Unnamed: 0,0,1,2,3,4,5,6,7,8,9,...,40,41,42,43,44,45,46,47,48,49
0,Respondent ID,Collector ID,Start Date,End Date,IP Address,Email Address,First Name,Last Name,Custom Data 1,Are you responding on behalf of an organisatio...,...,2. Please specify any significant uses of popu...,3. Please specify any significant additional b...,4. What would the impact be if the most detail...,,5. What would the additional benefit be if mor...,,6. Please specify any significant uses of cens...,7. What advantages or opportunities for geneal...,8. What are your views of the risks of each ce...,9. Are there any other issues that you believe...
1,,,,,,,,,,Response,...,Open-Ended Response,Open-Ended Response,Response,<b>4. 1. If you have answered high or medium i...,Response,<b>5. 1. If you have answered high or medium i...,Open-Ended Response,Open-Ended Response,Open-Ended Response,Open-Ended Response
2,3001215611,45151668,2014-01-05 02:42:21,2014-01-05 02:44:13,49.224.154.245,,,,,,...,,,,,,,,,,


In [479]:
print( cons0_df.values.shape )  # (1110, 50)

(1110, 50)


In [480]:
# Row 1: 

# propagate non-null values forward, so that if a cell contains a NaN, the cell gets the value of the cell before

row1 = cons0_df.ffill(1).values[:1, :]  

In [481]:
# Checks
print(row1.ndim)
print(row1.shape)          # (1,50)
print(row1[:, [0, -1]])    # print first and last values

2
(1, 50)
[['Respondent ID'
  '9. Are there any other issues that you believe we should be taking into account?']]


In [482]:
# Row 2: 

# replace NaN with empty cell (otherwise they will be float object, we want a list of only strings)

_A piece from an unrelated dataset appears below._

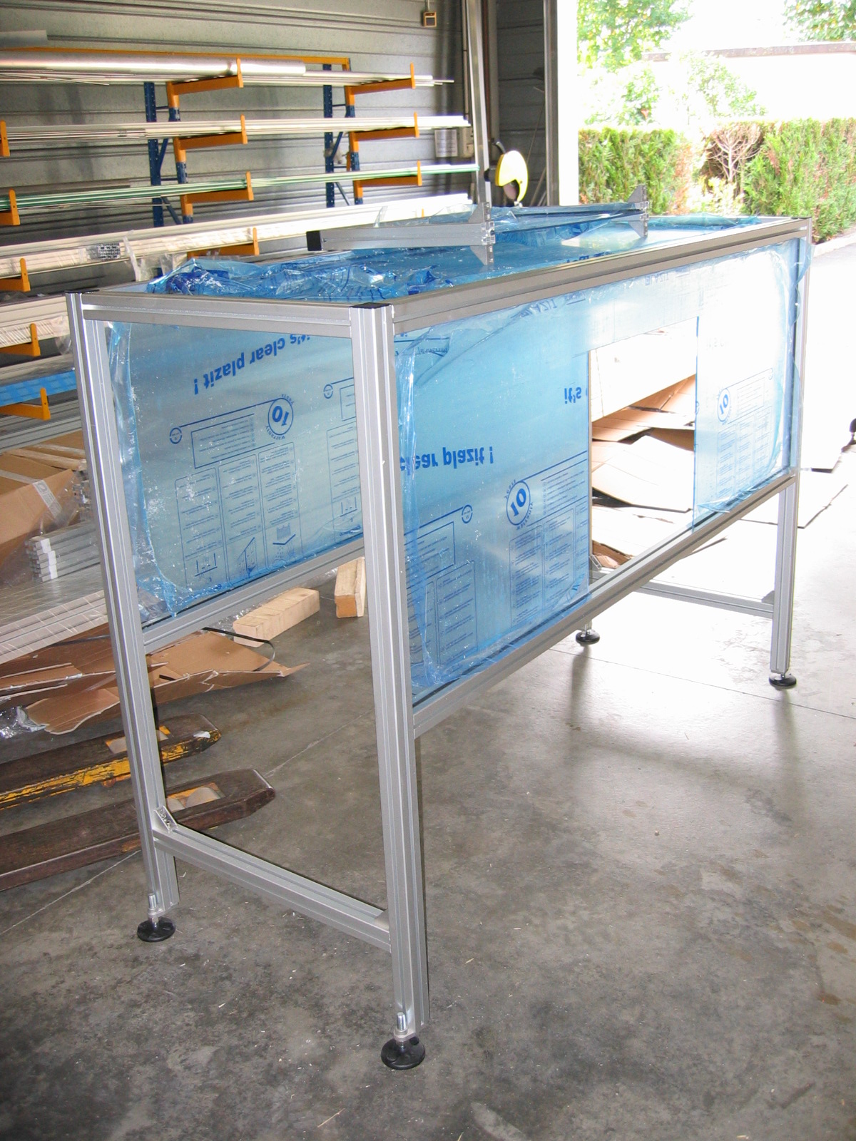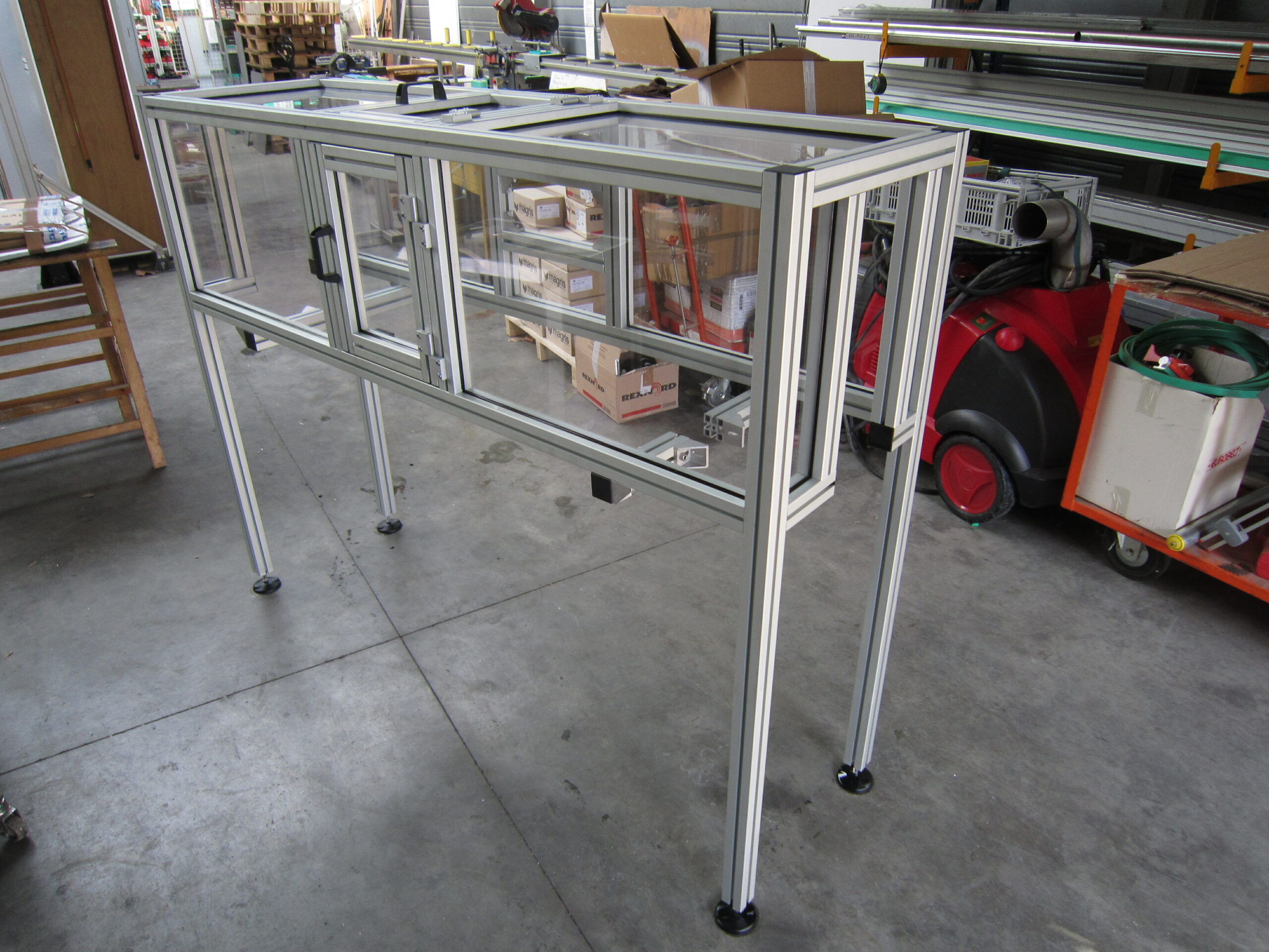 La cartérisation consiste à créer des structures de protection autour de machines, de postes de travail ou de lignes de production, à partir de profilés aluminium assemblés.

row2 = cons0_df.fillna('').values[1:2, :] 

In [483]:
#Checks
print(type(row2))
print(row2.ndim)
print(row2.shape)  # (1,50)
print(row2[:, [0, -1]])

<class 'numpy.ndarray'>
2
(1, 50)
[['' 'Open-Ended Response']]


In [484]:
# Combine row1 and row2 into one unique "header" row

header_row = row1 + row2

3.2. Reconstruct the dataframe

In [485]:
# Save header_row as DataFrame
header_row_df = pd.DataFrame(header_row)

# Save all other rows as dataframe
data_values_df = pd.DataFrame(cons0_df.values[2:, :])


In [486]:
# Append the two together
cons1_df = header_row_df.append(data_values_df,  
                                ignore_index=True
                               )

In [487]:
# Make first row as header
cons1_df.columns = cons1_df.iloc[0]

# Drop the first row (which is now redundant)
cons1_df = cons1_df.drop(0)

In [488]:
# Reset index 
cons1_df = cons1_df.reset_index(drop=True)    

In [490]:
# Checks
print(cons1_df.columns.values[:8])
print(cons1_df.columns.values[-1:])

['Respondent ID' 'Collector ID' 'Start Date' 'End Date' 'IP Address'
 'Email Address' 'First Name' 'Last Name']
[ '9. Are there any other issues that you believe we should be taking into account?Open-Ended Response']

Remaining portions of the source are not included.